Europe records second-highest quarter of VC fintech investment in Q2’20 and Middle East sprouting new early-stage fintech hubs
Despite a decline in M&A activity that pulled overall fintech investment in Europe down significantly in H1’20, VC investment continued to be very strong. Q2’20 saw the second-highest quarter of VC investment in fintech after Q1’20.
Several jurisdictions within the Middle East have continued to work to become fintech hubs and fintech investment in the region was focused primarily on early-stage deals in H1’20, although Israel-based wealth manager Pagaya raised US$102 million Series D around in late June.
Challenger banks raise big deals across Europe
During H1’20, challenger banks attracted five of the 10 largest deals in Europe, including N26 (Germany), Revolut (UK), Klarna (Sweden), Starling Bank (UK) and Qonto (France).

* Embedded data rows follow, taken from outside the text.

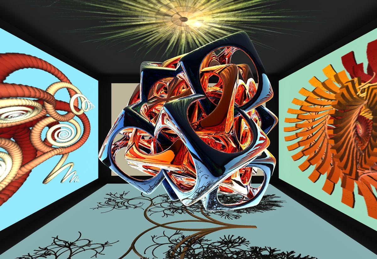 The object was made in Wings3D and given materials from Fifty Funky Shapes & Fifty Funky Metals and is within a cube. Lighting after the "Hypertexture Obscure Light for Indoors" (PDF on my website under Documents - Mine - Light) method with 6 flat Parallel Lights; in front of them 2D-Faces with images from renders made with Structure Synth objects. Rendered with True Ambience.
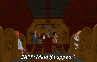 ZAPP: Mind if I appear? Welcome to the Hidey House. Brannigan, tell me about this freaky-deaky escape pyramid. I can fly it, sir. I just need to know where, and how.
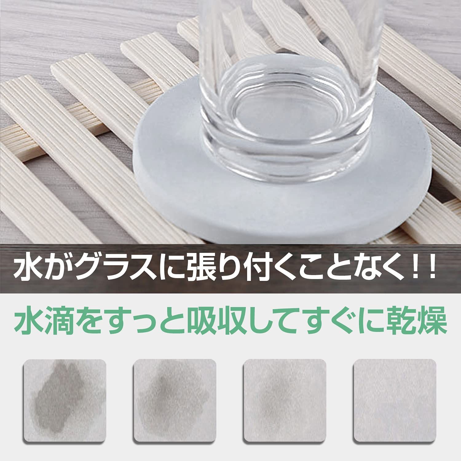 速乾性・吸水性抜群:グラスに冷たい飲み物を入れたときにできる表面の水滴を、珪藻土の持つ優れた吸水性で、すばやく吸い取ってくれます。珪藻土コースターはテーブルを濡らさず、グラスを持ち上げた時の水で衣類や書類を濡らすこともありません。
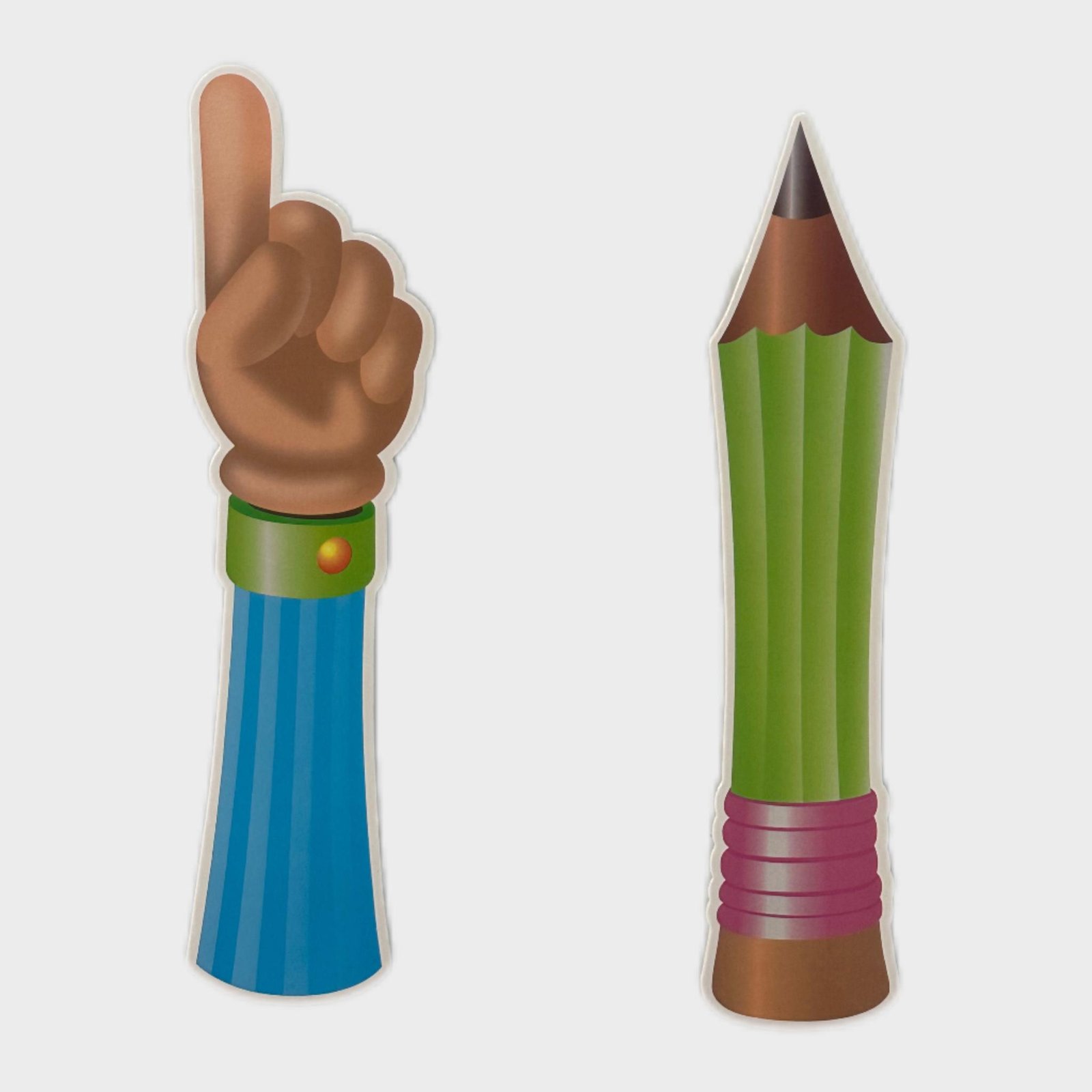 تصميم تعليمي مميز يحتوي على أشكال إرشادية، مثل يد تشير للأعلى وقلم كبير.

The deals reflect the growing focus on challenger banks as they work to scale and become competitive, not only in Europe, but globally. In H1’20, Revolut and N26 both joined Klarna in the US market.
COVID-19 a big roadblock, yet also an opportunity
COVID-19 is a major challenge for fintechs across Europe, particularly early-stage companies with less liquidity. New entrepreneurs and startups are also facing challenges given the typical avenues for making connections are limited. The pandemic, however, is also creating opportunities due to its impact on digital customer behaviors, including a major shift away from cash and an uptick in the demand for digital tools, products and services. Well-capitalized fintechs and those able to respond quickly to the shifting needs of customers could see strong growth.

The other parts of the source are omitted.